━━━━━ Source material ━━━━━

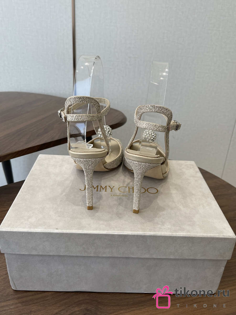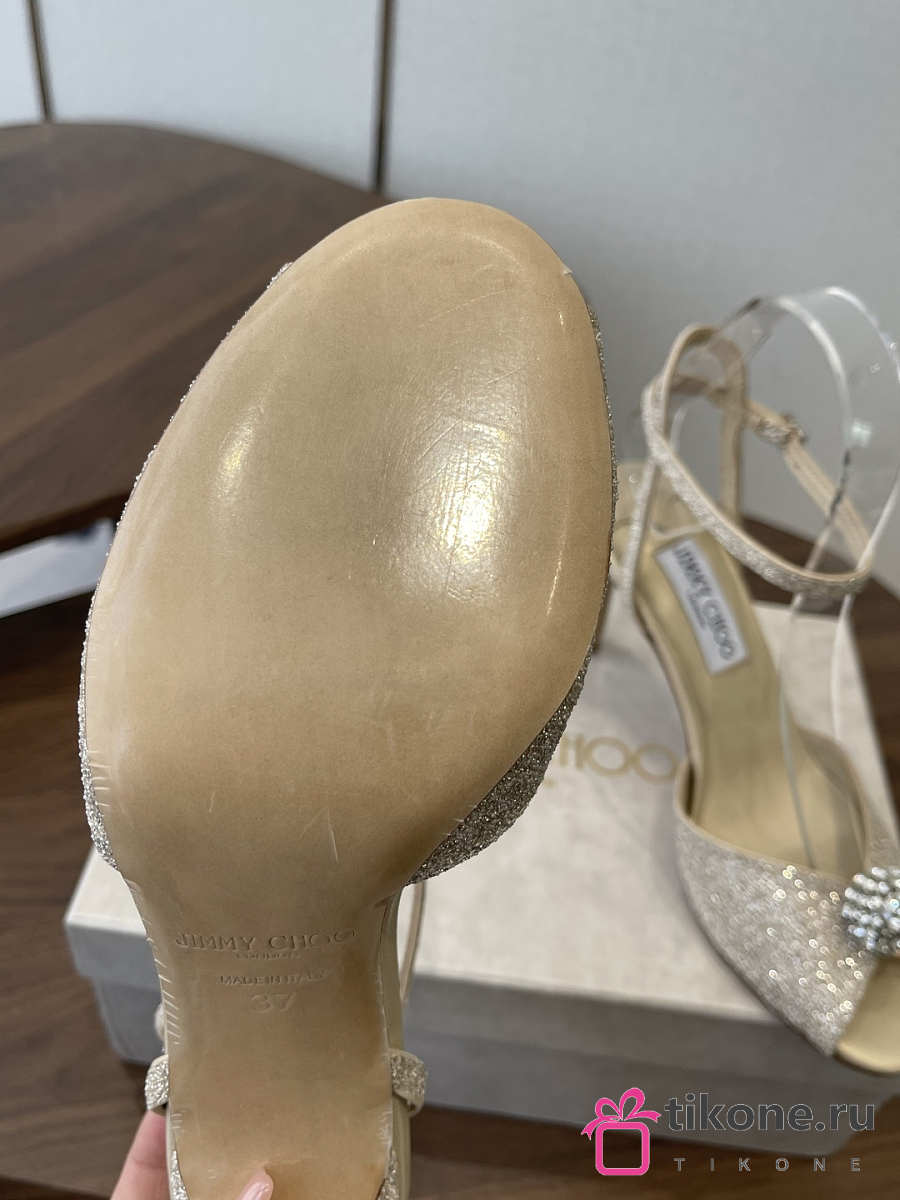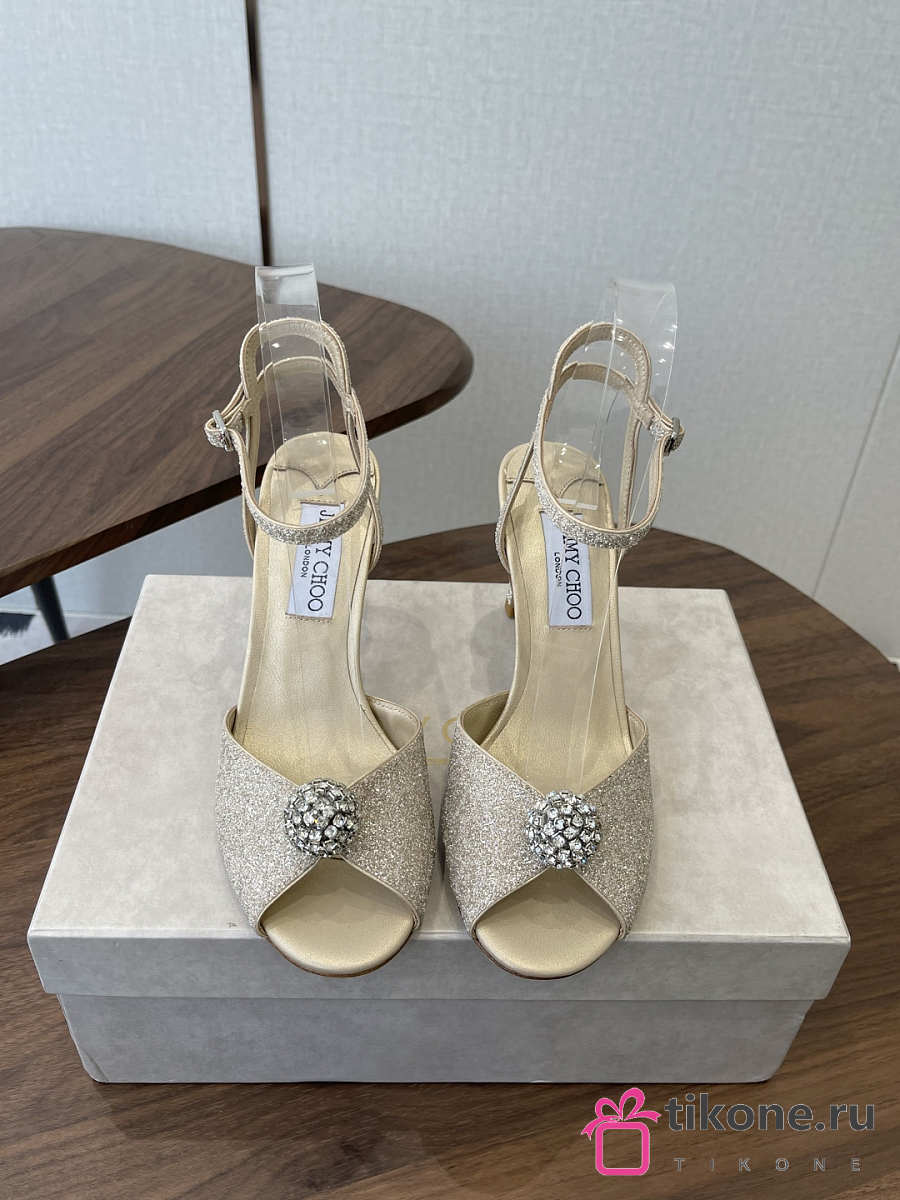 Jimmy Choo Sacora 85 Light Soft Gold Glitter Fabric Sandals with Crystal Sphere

━━━━━
━━━━━ Source material ━━━━━

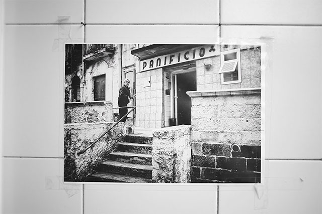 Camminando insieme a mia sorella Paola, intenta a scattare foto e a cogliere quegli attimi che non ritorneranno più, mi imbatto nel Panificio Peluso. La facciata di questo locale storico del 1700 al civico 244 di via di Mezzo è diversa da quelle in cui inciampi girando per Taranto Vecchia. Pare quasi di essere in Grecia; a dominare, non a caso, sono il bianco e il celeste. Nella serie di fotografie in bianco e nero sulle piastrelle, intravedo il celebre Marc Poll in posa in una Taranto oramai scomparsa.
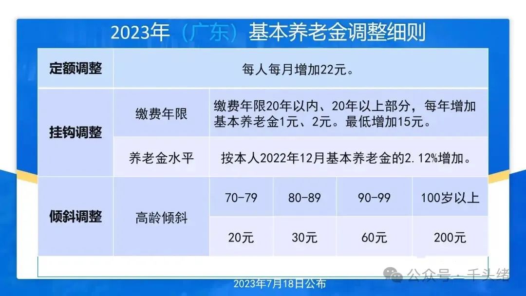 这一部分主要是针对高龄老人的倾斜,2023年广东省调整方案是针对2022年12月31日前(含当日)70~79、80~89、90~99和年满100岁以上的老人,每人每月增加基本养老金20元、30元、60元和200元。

━━━━━

> [What the task asks] Reproduce the listing above exactly from the line containing "Camminando insieme a" up to and including the line containing "这一部分主要是针对高龄老人的", omitting any images and everything outside those lines.

> [Result of the task]
 Camminando insieme a mia sorella Paola, intenta a scattare foto e a cogliere quegli attimi che non ritorneranno più, mi imbatto nel Panificio Peluso. La facciata di questo locale storico del 1700 al civico 244 di via di Mezzo è diversa da quelle in cui inciampi girando per Taranto Vecchia. Pare quasi di essere in Grecia; a dominare, non a caso, sono il bianco e il celeste. Nella serie di fotografie in bianco e nero sulle piastrelle, intravedo il celebre Marc Poll in posa in una Taranto oramai scomparsa.
 这一部分主要是针对高龄老人的倾斜,2023年广东省调整方案是针对2022年12月31日前(含当日)70~79、80~89、90~99和年满100岁以上的老人,每人每月增加基本养老金20元、30元、60元和200元。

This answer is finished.